Image: Wikimedia Commons

It’s no secret to anyone that Texas is hot and that with heat comes drought. Across the more than 269,000 square miles that make up the state, many Texans constantly fight cycles of drought or flooding season after season. In these places, good water management is essential and thanks to new research by Associate Professor Gretchen Miller in the Zachry Department of Civil Engineering, getting water to those communities that need it most may now be more clean and cost-effective than ever.

Miller works on what is known as managed aquifer recharge or aquifer storage and recovery. These methods are used to intentionally refill aquifers, or water sources that live in permeable rock, from which many communities draw groundwater.
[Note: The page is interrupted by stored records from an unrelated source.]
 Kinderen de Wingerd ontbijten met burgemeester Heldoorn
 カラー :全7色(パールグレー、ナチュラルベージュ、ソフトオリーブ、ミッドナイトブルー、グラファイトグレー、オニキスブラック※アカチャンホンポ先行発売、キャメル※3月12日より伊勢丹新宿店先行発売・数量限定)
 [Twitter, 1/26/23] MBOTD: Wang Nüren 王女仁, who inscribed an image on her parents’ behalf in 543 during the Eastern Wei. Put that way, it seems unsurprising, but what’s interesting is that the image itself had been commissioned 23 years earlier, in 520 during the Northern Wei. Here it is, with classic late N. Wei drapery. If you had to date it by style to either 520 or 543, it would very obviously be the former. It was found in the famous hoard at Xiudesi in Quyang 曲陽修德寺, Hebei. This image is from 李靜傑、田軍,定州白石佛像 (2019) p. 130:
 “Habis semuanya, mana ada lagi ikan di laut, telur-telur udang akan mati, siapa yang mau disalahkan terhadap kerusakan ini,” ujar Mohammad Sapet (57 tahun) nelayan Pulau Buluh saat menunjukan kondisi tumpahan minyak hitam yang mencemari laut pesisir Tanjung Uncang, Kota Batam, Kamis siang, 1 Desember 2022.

Using these techniques, municipalities and utility districts can draw water from the aquifers during times of drought, but also put water back in them during rainier seasons.

“We are hoping to advance the science on aquifer storage and recovery in order to help local entities better implement these techniques as water conservation strategies,” Miller said. “We want to determine how well current techniques are working and how they can be improved.”
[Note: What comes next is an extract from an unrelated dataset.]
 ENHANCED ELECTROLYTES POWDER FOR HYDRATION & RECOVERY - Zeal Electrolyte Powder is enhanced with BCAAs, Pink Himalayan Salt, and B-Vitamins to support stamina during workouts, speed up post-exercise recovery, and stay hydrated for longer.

Miller’s research focuses on the feasibility of these water extraction and recharge methods, and seeks to improve not only the efficiency of how water is removed or stored in the aquifer, but the quality of water that is used. In working with these systems, Miller is looking for the best places to implement them across the state and has worked with water management agencies in San Antonio, El Paso and Harris County, Texas.

“How the aquifers are used and managed changes depending on the geology,” Miller said. “We can use models to represent a typical managed aquifer recharge system and then test different methods of running it, when and how we extract or inject water and how we can best use the wells.”

According to Miller, it takes a lot of energy to pump water either in or out of a system, so in using these modeling techniques researchers can now give water municipalities the power to understand when they decide to inject or extract water in a well and how it will affect other wells in the system. It will also give them a better understanding of how to best pump wells efficiently to conserve energy and achieve the highest quality of water available. Miller hopes a better understanding of these processes will benefit communities around the state.

“We see this as a mechanism for helping communities be more resilient against environmental changes,” Miller said. “Some of the cities in Texas are so water stressed that they need a whole arsenal of ways to adapt, and we think this can be one of many tools they can use to help communities bounce back faster. Hopefully we can help prevent them from needing to impose tight drought restrictions.”